◆ WHAT YOU ARE ASKED TO DO: Write out each line of the listing as it stands, without the images.

◆ COLLECTED DATA:
--

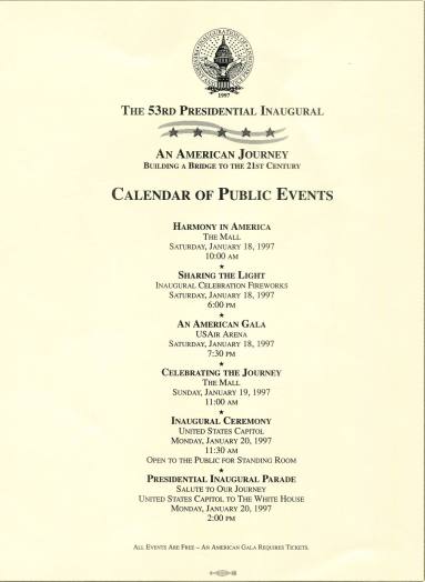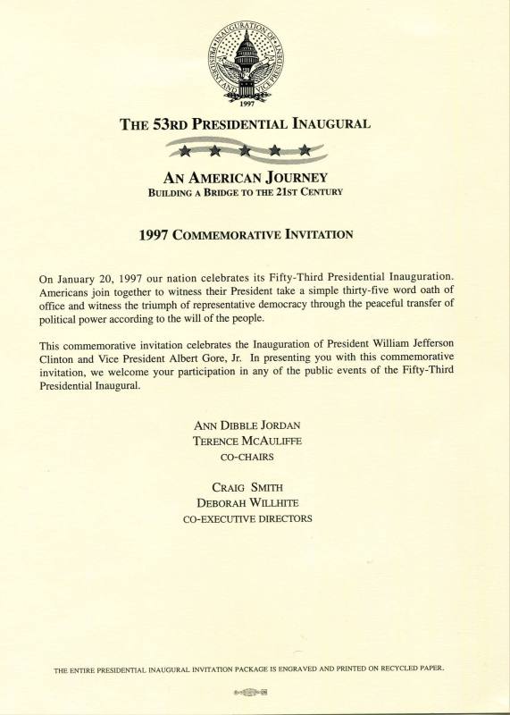 DescriptionA 1997 commerorative invitation for the 53rd Presidential Inaugural events for President Bill Clinton, and Vice President Al Gore.Status
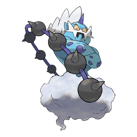 The spikes on its tail discharge immense bolts of lightning. It flies around the Unova region firing off lightning bolts.
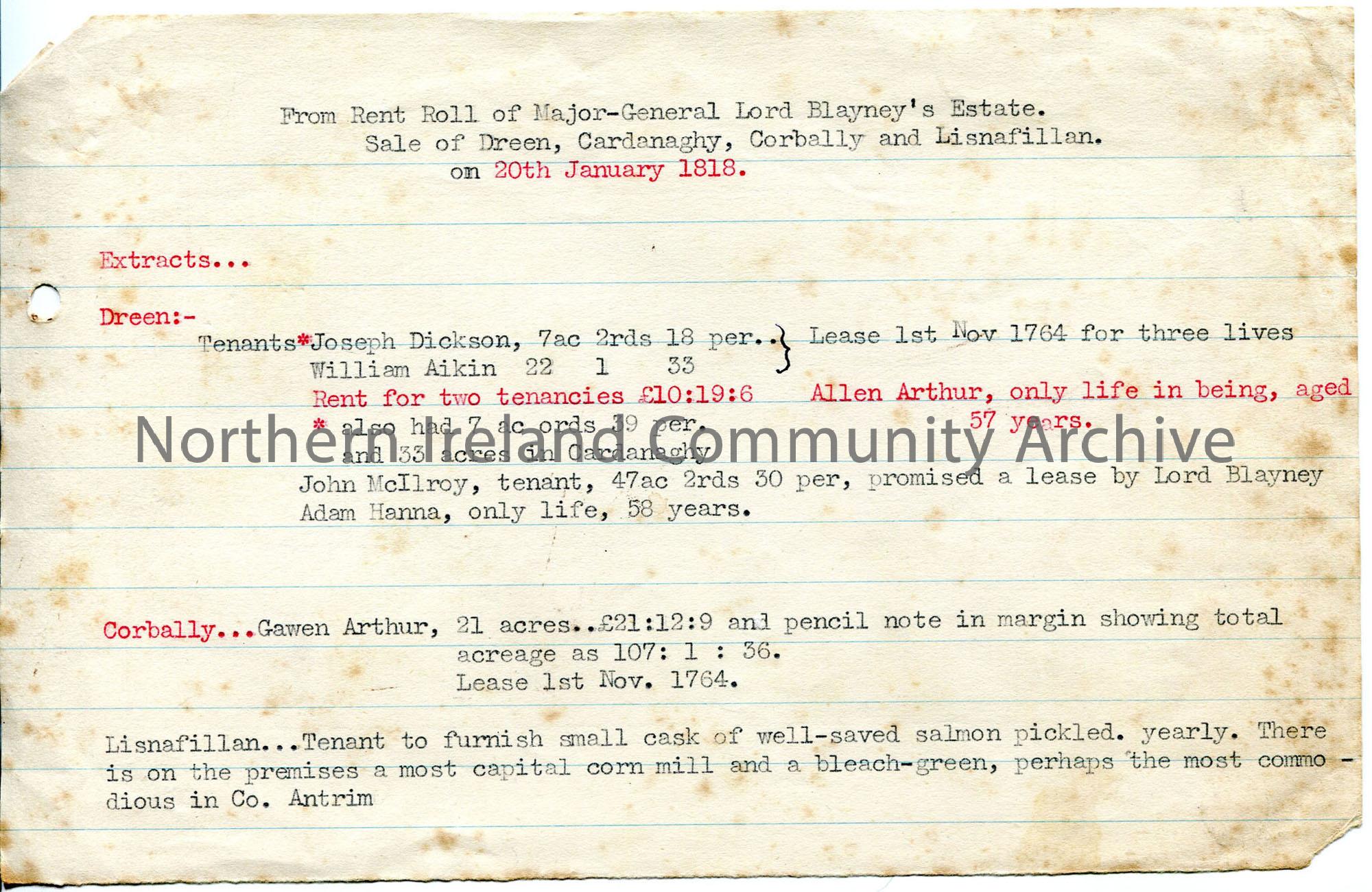 Typed notes from 1818 rent roll of Lord Blayney's estate for Dreen and Corbally - 1764 lease names include Arthur, Hanna and McIlroy - with some description.
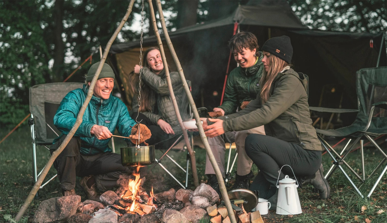 Med denne Bushcraft DIY Tripod behøver du ikke slæbe din store trefod med på tur, når der skal laves mad over åben ild. Du finder blot tre passende pinde, som måske lige snittes eller skæres til, inden de monteres i adapteren, og vupti, så har du din trefod klar til madlavningen over bål!

--

◆ FINISHED TASK:
 DescriptionA 1997 commerorative invitation for the 53rd Presidential Inaugural events for President Bill Clinton, and Vice President Al Gore.Status
 The spikes on its tail discharge immense bolts of lightning. It flies around the Unova region firing off lightning bolts.
 Typed notes from 1818 rent roll of Lord Blayney's estate for Dreen and Corbally - 1764 lease names include Arthur, Hanna and McIlroy - with some description.
 Med denne Bushcraft DIY Tripod behøver du ikke slæbe din store trefod med på tur, når der skal laves mad over åben ild. Du finder blot tre passende pinde, som måske lige snittes eller skæres til, inden de monteres i adapteren, og vupti, så har du din trefod klar til madlavningen over bål!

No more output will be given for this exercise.